■ **WORK INSTRUCTIONS**
Transcribe every entry that follows exactly, omitting all pictures.
___ DATA PROVIDED
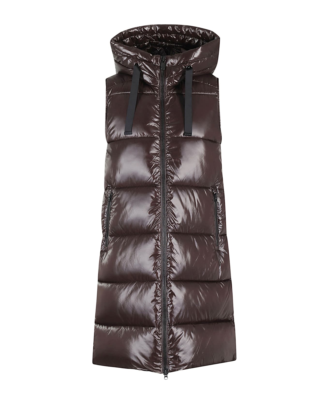 Iria vest - Save the duck - Brown color - Adjustable hood - Padded and quilted fabric - Black logo applique on bottom - Maxi length - Central zipper closure - Flush side pockets with zipper
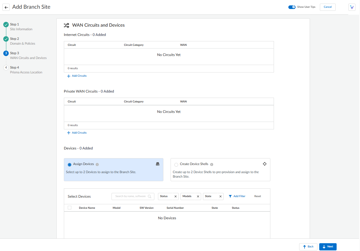 - On the Devices tab, select Assign Devices, select from the available devices to assign or Create Device Shells to create up to two Device Shells to preprovision and assign to the Data Center site, depending on your requirement.
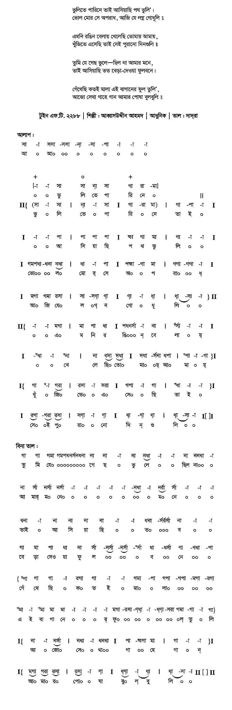 ভুলিতে পারিনে তাই আসিয়াছি পথ ভুলি
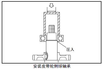 (2) 用壓力機壓入三菱S16柴油機皮帶輪螺帽側球軸承。
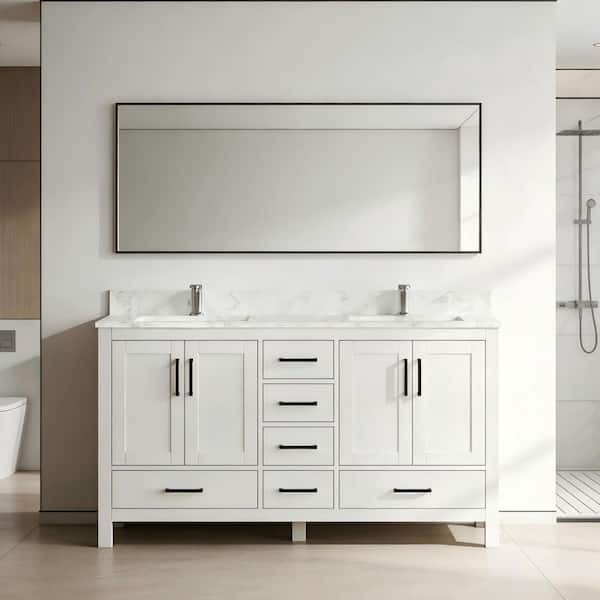 60 in. W x 22 in. D Solid Wood Freestanding White Bath Vanity with Carrara White Marble Top and Double Ceramic Sink
______
■ **SOLUTION FOR THIS EXERCISE**
 Iria vest - Save the duck - Brown color - Adjustable hood - Padded and quilted fabric - Black logo applique on bottom - Maxi length - Central zipper closure - Flush side pockets with zipper
 - On the Devices tab, select Assign Devices, select from the available devices to assign or Create Device Shells to create up to two Device Shells to preprovision and assign to the Data Center site, depending on your requirement.
 ভুলিতে পারিনে তাই আসিয়াছি পথ ভুলি
 (2) 用壓力機壓入三菱S16柴油機皮帶輪螺帽側球軸承。
 60 in. W x 22 in. D Solid Wood Freestanding White Bath Vanity with Carrara White Marble Top and Double Ceramic Sink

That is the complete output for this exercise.